At EBI, we know our limits (and there are many), but we also know that everyone else has them too, which is why we take market prognostications with a large pinch of salt. The subject matter is sufficiently complex to make it impossible to be accurate, except by chance. Many investors who took the recommendations above on board have paid a substantial opportunity cost (by not being in markets as they have risen over the last 8 years), a return they can never re-acquire. It is not just hindsight that informs us of this, but the knowledge that evidence is the key to investment success and this must be updated constantly to ensure that our prior beliefs, when challenged, are not retained regardless of the (new) facts. We are thus agnostic on most things investment-related; as Keynes might have said, (though there is no actual record of him doing so), “when the facts change, I change my mind – what do you do sir?”.

As the charts show, doing otherwise can get very expensive…

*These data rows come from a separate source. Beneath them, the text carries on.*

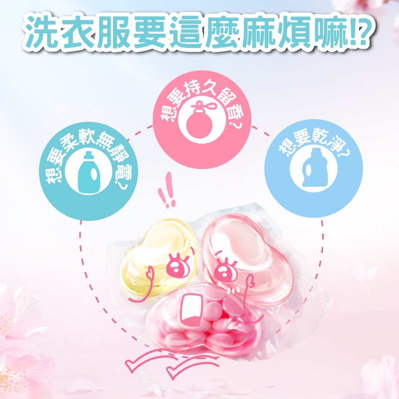 洗衣凝珠味道:粉色櫻花香/紫色白桃香/黃色陽光香
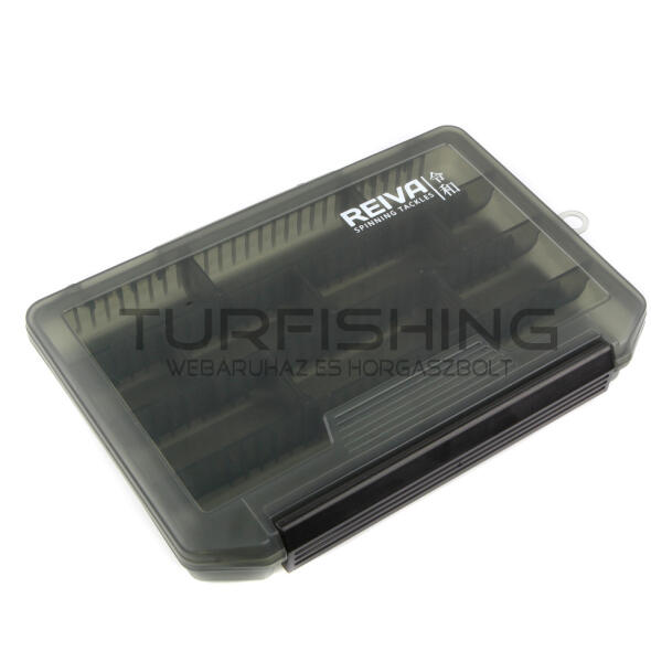 Erősített, négysoros pergető szerelékes doboz. A szokásos szerelékes dobozokhoz képest vastagabb és erősebb anyagú, meglehetősen masszív tároló. Az osztások tetszés szerint variálhatóak. Akasztófüllel, erősített zárócsattal. Füstszínű, magas UV állósággal. Méret: 20,5x14,5x2,7 cm
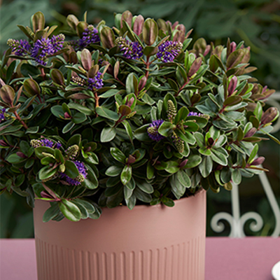 After years of dedicated breeding, Addenda® has succeeded in developing a Hebe with unique shiny leaves in a deep shade of wine red. This inspired the name; the French vin and the Italian vino. This well-branching and compact Hebe personifies luxury and brings a flavor of the Mediterranean to your garden or balcony with its burgundy-red foliage and plumes of purple flowers: la dolce Vita!
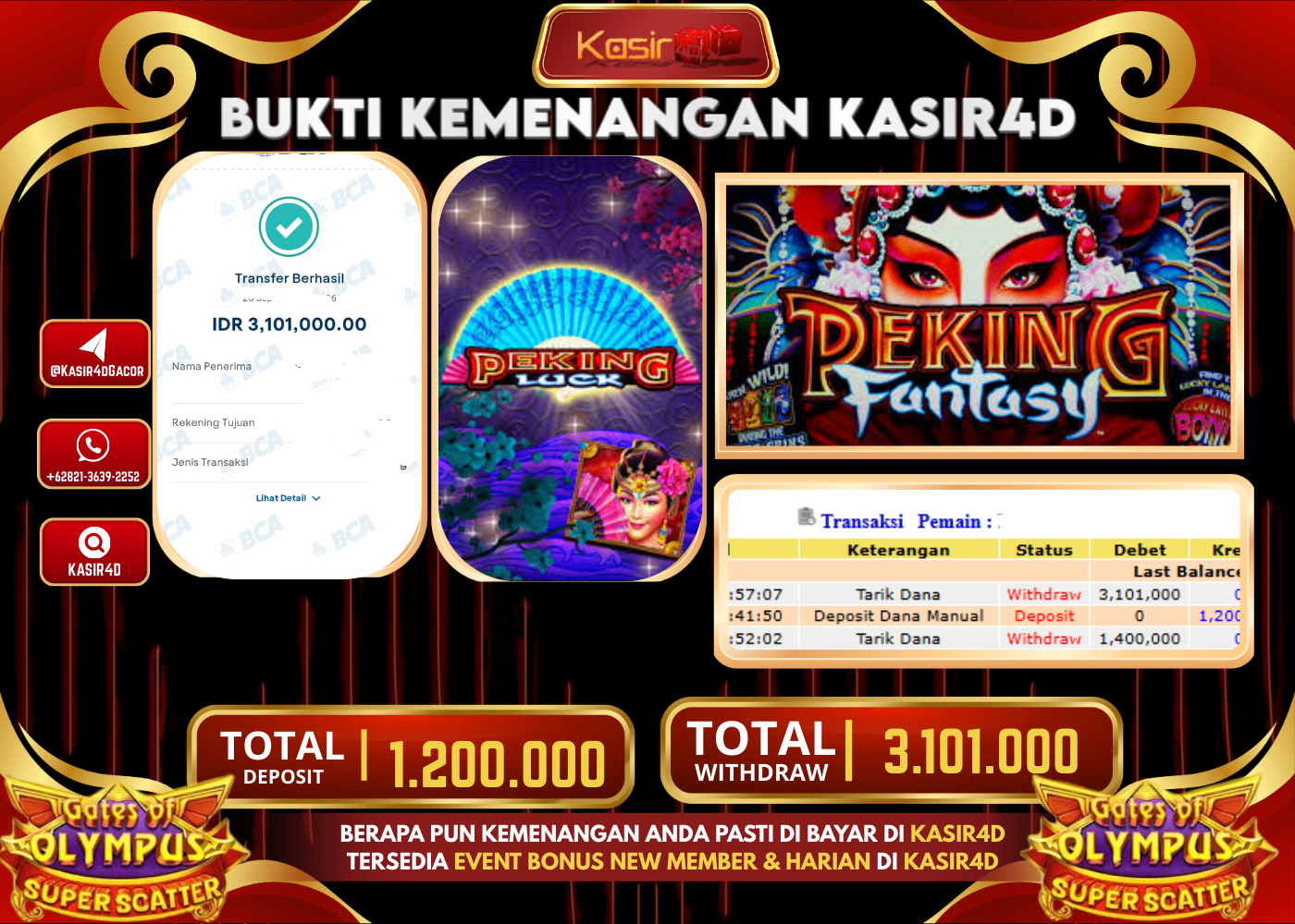 Maka tidak disangsikan kembali bila Anda memilih untuk mendaftarkan dan bermain di website slot Gacor KASIR4D , Anda terang mempunyai kesempatan besar untuk memperoleh jackpot maxwin yang spektakuler dibanding situs slot online yang lain secara umum.
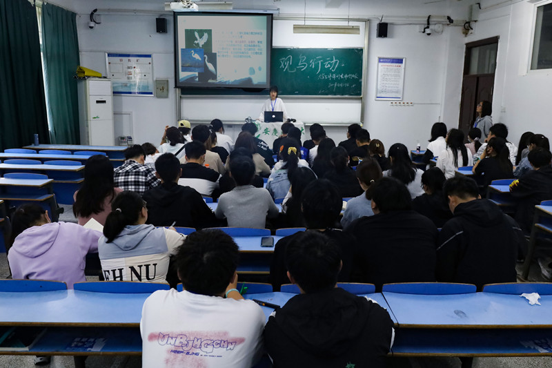 “斑鸠和灰喜鹊是我们学校最常见的鸟类,你们观察时动作一定要轻缓……”观鸟开始前,活动负责人、新闻学专业2020(2)班的陈宝莲在文溯楼104教室首先为大家讲解了望远镜的使用方法和观鸟时的注意事项。接着介绍了校园内存在的鸟类种类、外貌特征、生活习性以及常出现的地点,为后面的观鸟认鸟做准备。
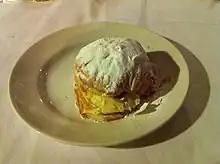 The pantxineta is a typical dessert of the Basque Country. It consists of a bun of puff-pastry filled with thick custard cream; it is topped with almonds and often decorated with icing sugar.
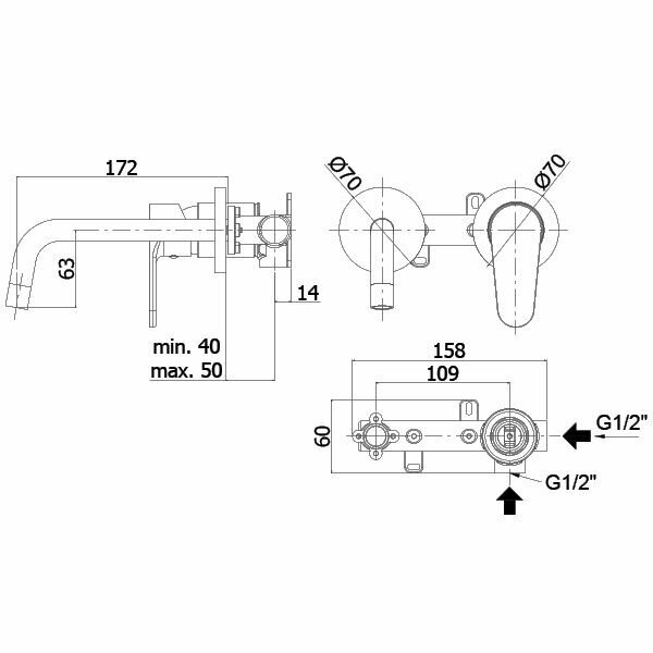 Встраиваемый в стену смеситель для раковины Paffoni Green, арт. GR101CR70, с внутренней частью

[1] This could equally apply to policy analysts who argue for military intervention(s) from the comfort of plush offices, without having to face the harsh realities of war, such as injuries etc. and do not know personally any of the combatants. As of 2006, only 1% of US Senators and Congress politicians had children serving in the military. Would the invasion of Iraq/Afghanistan etc. have occurred if that number was higher…?

[2] The argument about “elevated” profit margins, (which would inevitably mean-revert) is instructive in this regard; there is only a very small sample size of examples of profit margins mean-reverting since the late 1990s. In the period to the mid-2010s, the margin expansion was NOT generalised, but skewed heavily towards Technology companies, whilst many other industries saw little or no expansion at all. Even within Industries, there was a “winner takes all” effect, as we discussed in a blog post in August of this year; it was a sign of the formation of quasi-monopolies rather than an imminent warning of margin collapse and there was no substantive basis for the view that this was going to change at that point (or indeed now).